[Haskell-cafe] bytestring vs. uvector

Sun Mar 8 03:33:02 EDT 2009

bos:
> On Sat, Mar 7, 2009 at 10:23 PM, Alexander Dunlap <alexander.dunlap at gmail.com>
> wrote:
> 
>     Hi all,
> 
>     For a while now, we have had Data.ByteString[.Lazy][.Char8] for our
>     fast strings. Now we also have Data.Text, which does the same for
>     Unicode. These seem to be the standard for dealing with lists of bytes
>     and characters.
> 
>     Now we also have the storablevector, uvector, and vector packages.
>     These seem to be also useful for unpacked data, *including* Char and
>     Word8 values.
> 
>     What is the difference between bytestring and these new "fast array"
>     libraries?
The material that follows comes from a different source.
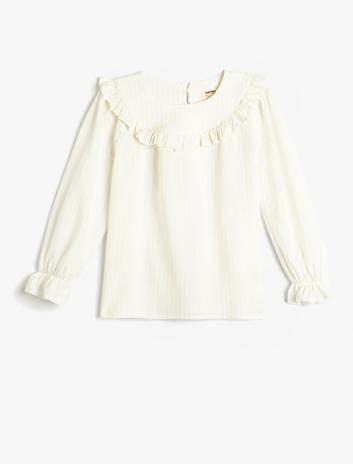 Kız Çocuk Bluz Uzun Kollu Bisiklet Yaka Fırfır Detaylı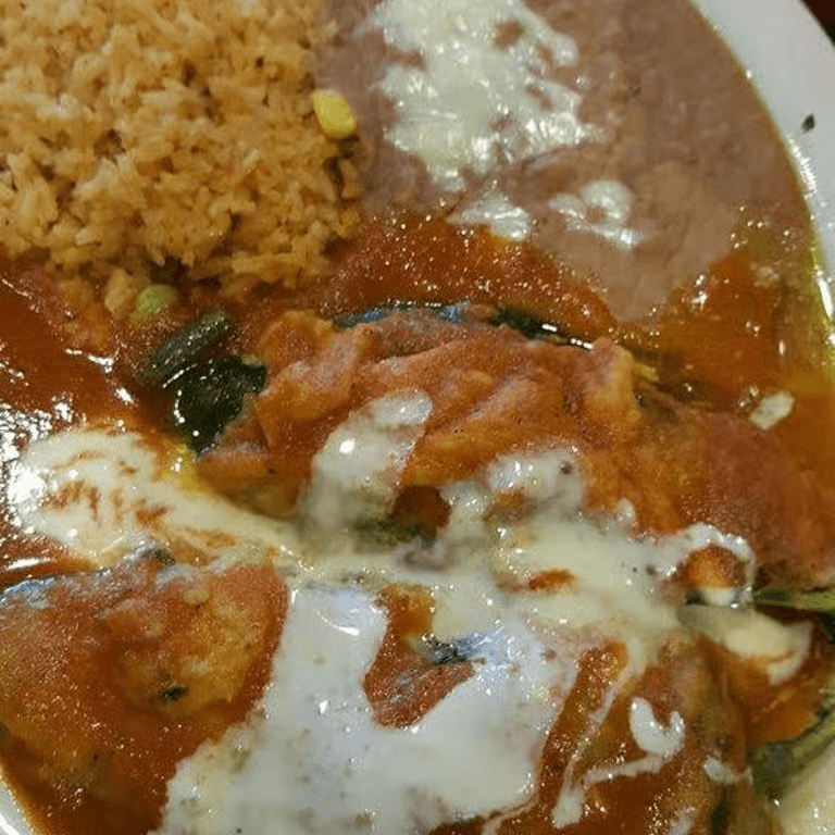 Two poblano peppers stuffed with cheese, fried in egg batter, covered in special sauce. Served with rice and beans.

Are the latter just generalizations of the former?
> 
> 
> There are quite a few overlaps and differences among them.
> 
> bytestring is mature and useful for low-level byte buffer manipulations, and
> also for efficient I/O. This is in part because it uses pinned pointers that
> can interoperate easily with foreign code. It used to have an early fusion
> rewriting framework, but that was abandoned. So it will not fuse multiple
> ByteString traversals into single loops. This library is widely used, and also
> somewhat abused for text I/O.
> 
> storablevector is not mature (I'm not even sure if it's actually used) and is a
> derivative of an old version of the bytestring library, and so has similar
> characteristics for interacting with foreign code. It contains some old fusion
> code that is sketchy in nature and somewhat likely to be broken. I'm not sure I
> would recommend using this library.
> 
> uvector is, if my memory serves me correctly, a fork of the vector library. It
> uses modern stream fusion, but is under active development and is a little
> scary. I'm a little unclear on the exact difference between uvector and vector.
> Both use arrays that are not pinned, so they can't be readily used with foreign
> code. If you want to use either library, understand that you're embarking on a
> bracing adventure.
> 
> text is not mature, and is based on the same modern fusion framework as uvector
> and vector. It uses unpinned arrays, but provides functions for dealing with
> foreign code. It uses a denser encoding than uvector for text, and provides
> text-oriented functions like splitting on word and line boundaries. Although
> it's intended for use with Unicode text, it does not yet provide proper
> Unicode-aware functions for things like case conversion. It interacts with
> bytestring to perform conversion to and from standard representations like
> UTF-8, and (via the text-icu package) ICU for others (SJIS, KOI-8, etc). If you
> want to use this library, understand that you're embarking on a bracing
> adventure.

I endorse this message.